Early and Excellent Kubrick at PFA

As I discussed last week, I lost a lot of my love of Stanley Kubrick over the decades. But I didn’t lose my love for all of his pictures. And amongst my favorites are his first two Hollywood pictures, The Killing and Paths of Glory. Saturday night, I revisited these favorites at the Pacific Film Archive, where they were screened as part of the series Eyes Wide: The Films of Stanley Kubrick.

Some historical background: Kubrick started his career with two super-low budget independent features–Fear and Desire and Killer’s Kiss. I saw Fear and Desire some years ago and hated it (Kubrick eventually disowned it), and have never seen Killer’s Kiss. The PFA screened them Thursday night, but I was unable to attend.

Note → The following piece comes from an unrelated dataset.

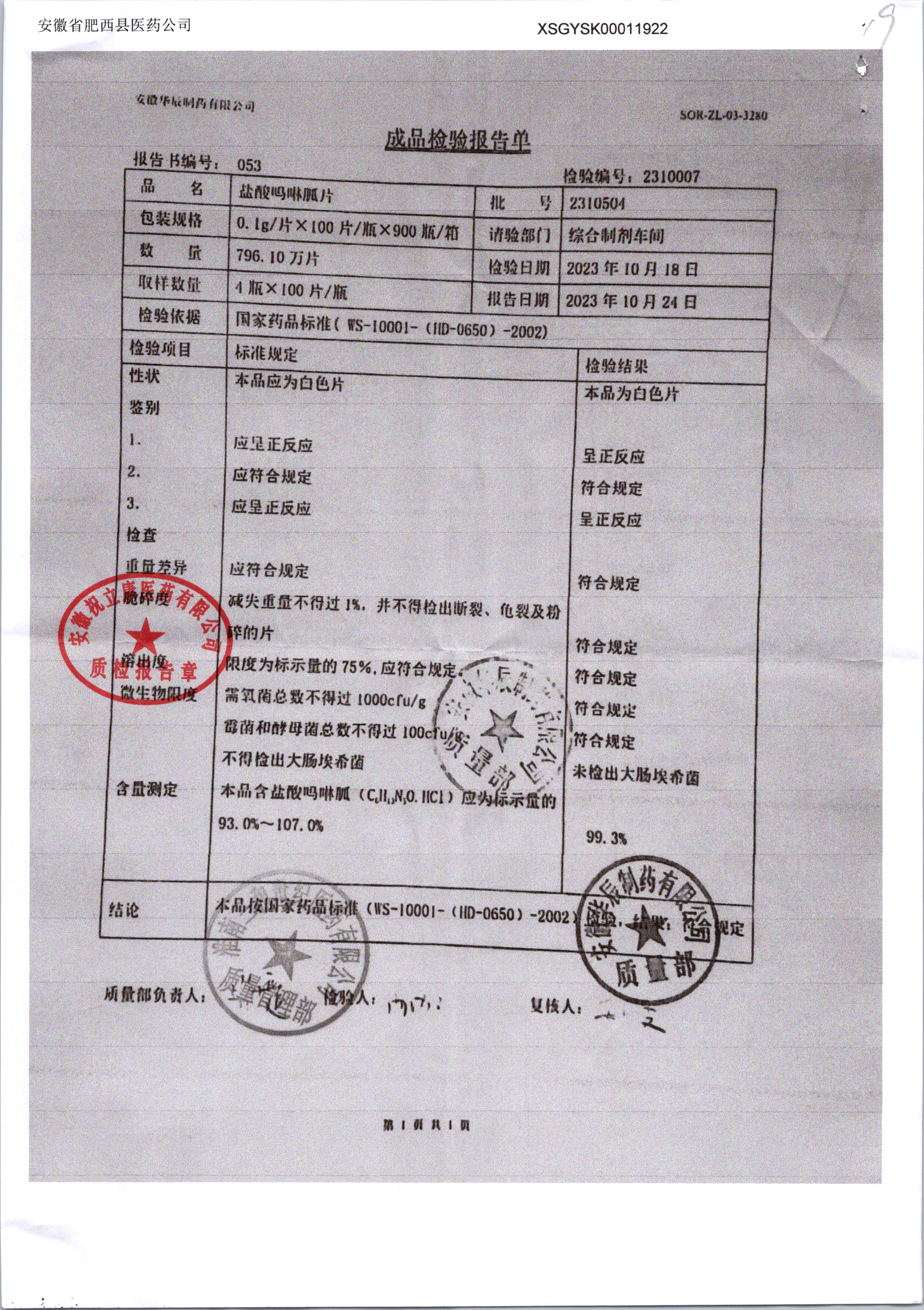 鹽酸嗎啉胍片 0.1g*100片 2310504 查看詳情

Although it wasn’t a commercial success, Killer’s Kiss impressed enough people to bring Kubrick into the Hollywood system, albeit on a low budget. United Artists financed and released his next two pictures, The Killing and Paths of Glory.

The PFA screened them in reverse order, showing Paths of Glory first.

Paths of Glory

To my mind, this is Kubrick’s masterpiece (with Dr. Strangelove a close second). This World War I tale of ruthless generals and the common foot soldiers they see as disposable pawns, shows Kubrick at his best. His visual flare brings a powerful contrast to the film’s two major settings: the ugly, dirty, and dangerous trenches of the front, and the opulent palace where the generals’ live in comfort and luxury.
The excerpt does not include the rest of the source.